Content starts

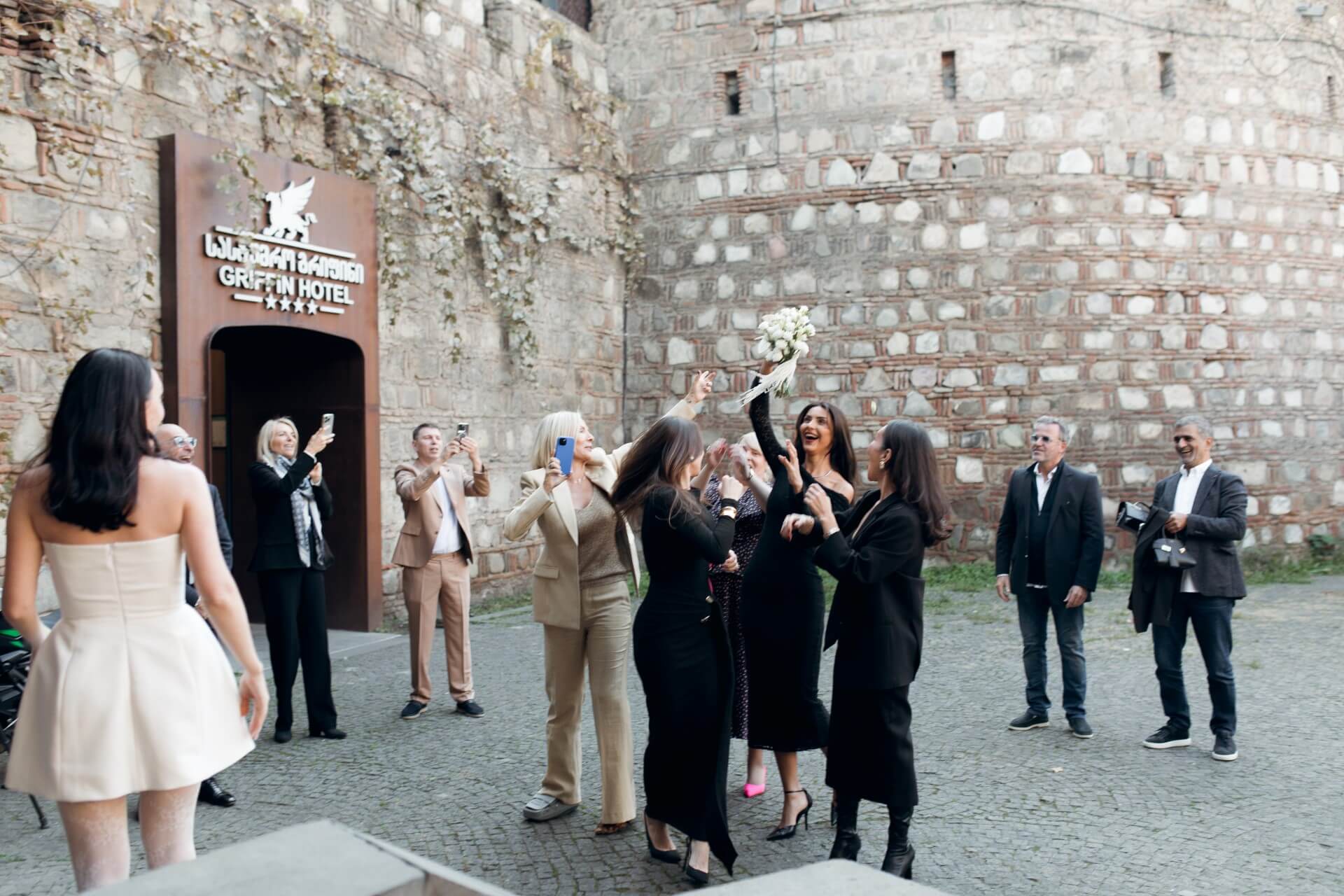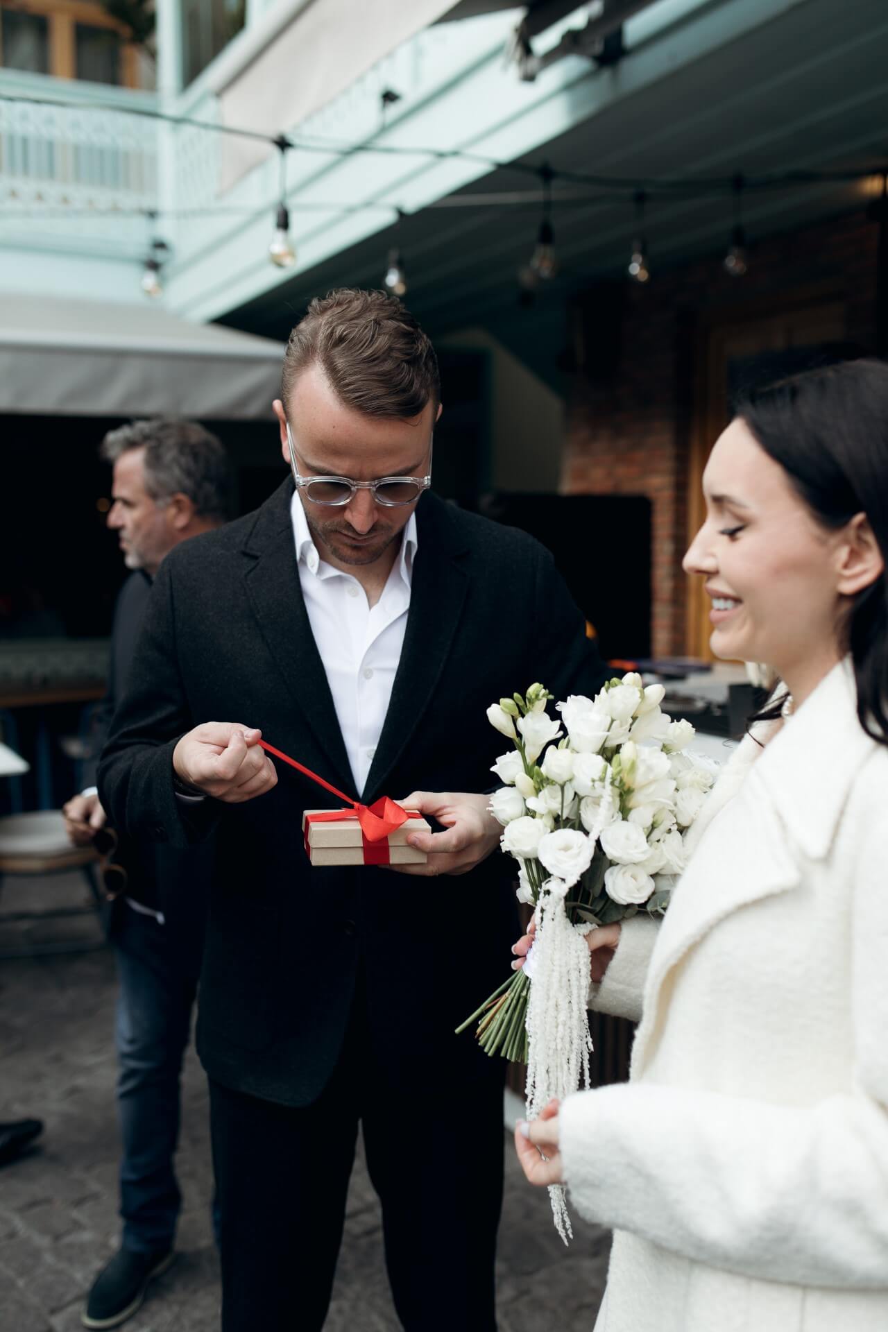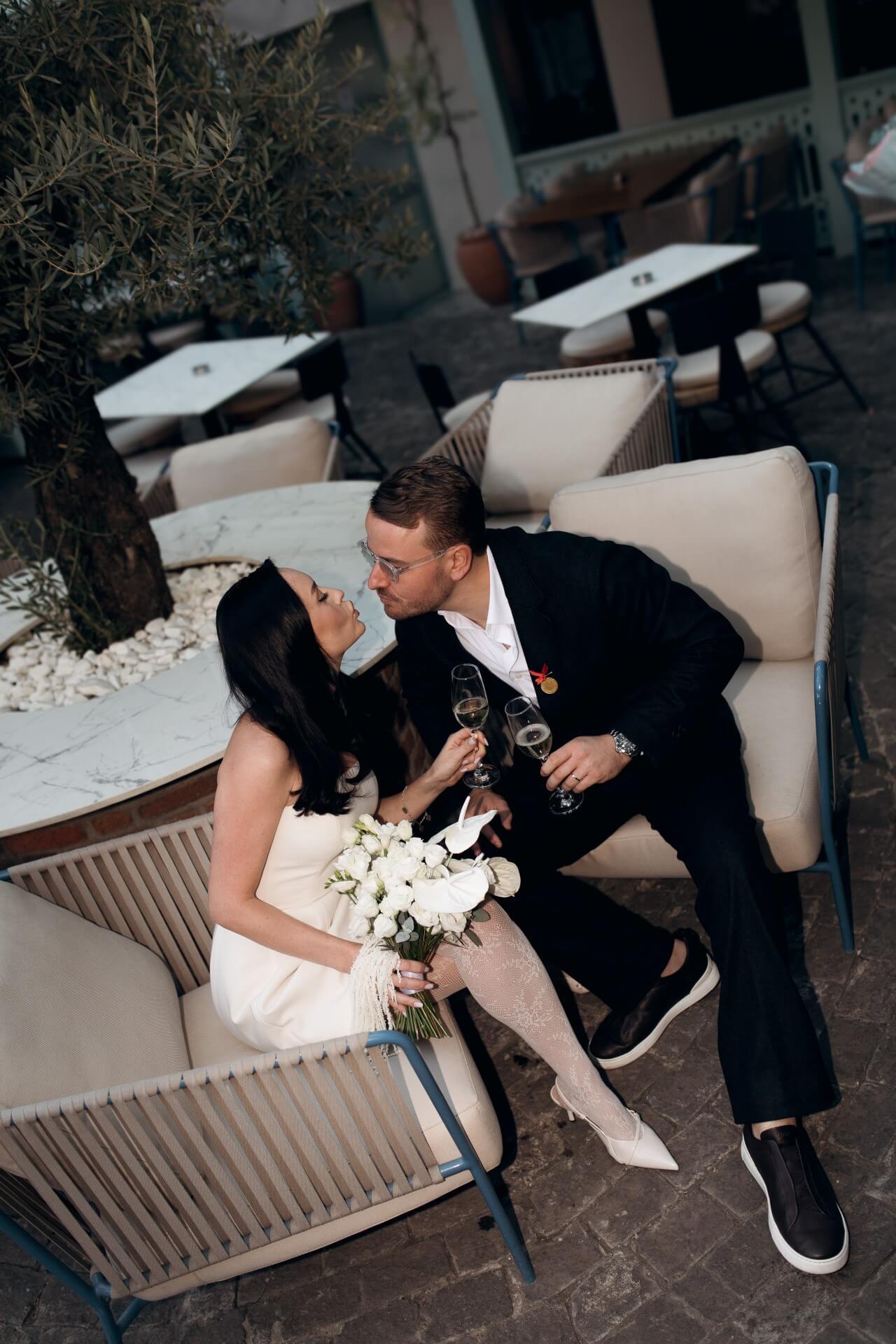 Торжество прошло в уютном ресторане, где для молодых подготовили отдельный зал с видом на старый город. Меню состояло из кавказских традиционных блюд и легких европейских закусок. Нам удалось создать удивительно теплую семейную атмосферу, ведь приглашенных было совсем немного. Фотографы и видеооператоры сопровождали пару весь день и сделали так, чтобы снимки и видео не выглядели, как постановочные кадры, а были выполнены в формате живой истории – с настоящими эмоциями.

Content ends
Content starts

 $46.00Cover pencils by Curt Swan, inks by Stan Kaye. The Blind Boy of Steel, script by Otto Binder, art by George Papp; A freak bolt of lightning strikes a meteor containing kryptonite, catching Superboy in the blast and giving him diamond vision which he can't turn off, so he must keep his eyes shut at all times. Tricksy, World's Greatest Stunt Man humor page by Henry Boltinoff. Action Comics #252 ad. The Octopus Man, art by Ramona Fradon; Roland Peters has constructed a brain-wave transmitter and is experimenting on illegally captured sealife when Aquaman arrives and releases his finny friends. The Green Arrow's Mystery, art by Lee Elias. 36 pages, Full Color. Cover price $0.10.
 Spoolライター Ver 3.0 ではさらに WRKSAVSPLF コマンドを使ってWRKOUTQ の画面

Content ends

=== Task prompt ===
Everything starting at the line containing "Cover price $0.10." and ending at the line containing "Spoolライター Ver 3.0" in the records above should be repeated exactly, and only that.

=== Result of this task ===
 $46.00Cover pencils by Curt Swan, inks by Stan Kaye. The Blind Boy of Steel, script by Otto Binder, art by George Papp; A freak bolt of lightning strikes a meteor containing kryptonite, catching Superboy in the blast and giving him diamond vision which he can't turn off, so he must keep his eyes shut at all times. Tricksy, World's Greatest Stunt Man humor page by Henry Boltinoff. Action Comics #252 ad. The Octopus Man, art by Ramona Fradon; Roland Peters has constructed a brain-wave transmitter and is experimenting on illegally captured sealife when Aquaman arrives and releases his finny friends. The Green Arrow's Mystery, art by Lee Elias. 36 pages, Full Color. Cover price $0.10.
 Spoolライター Ver 3.0 ではさらに WRKSAVSPLF コマンドを使ってWRKOUTQ の画面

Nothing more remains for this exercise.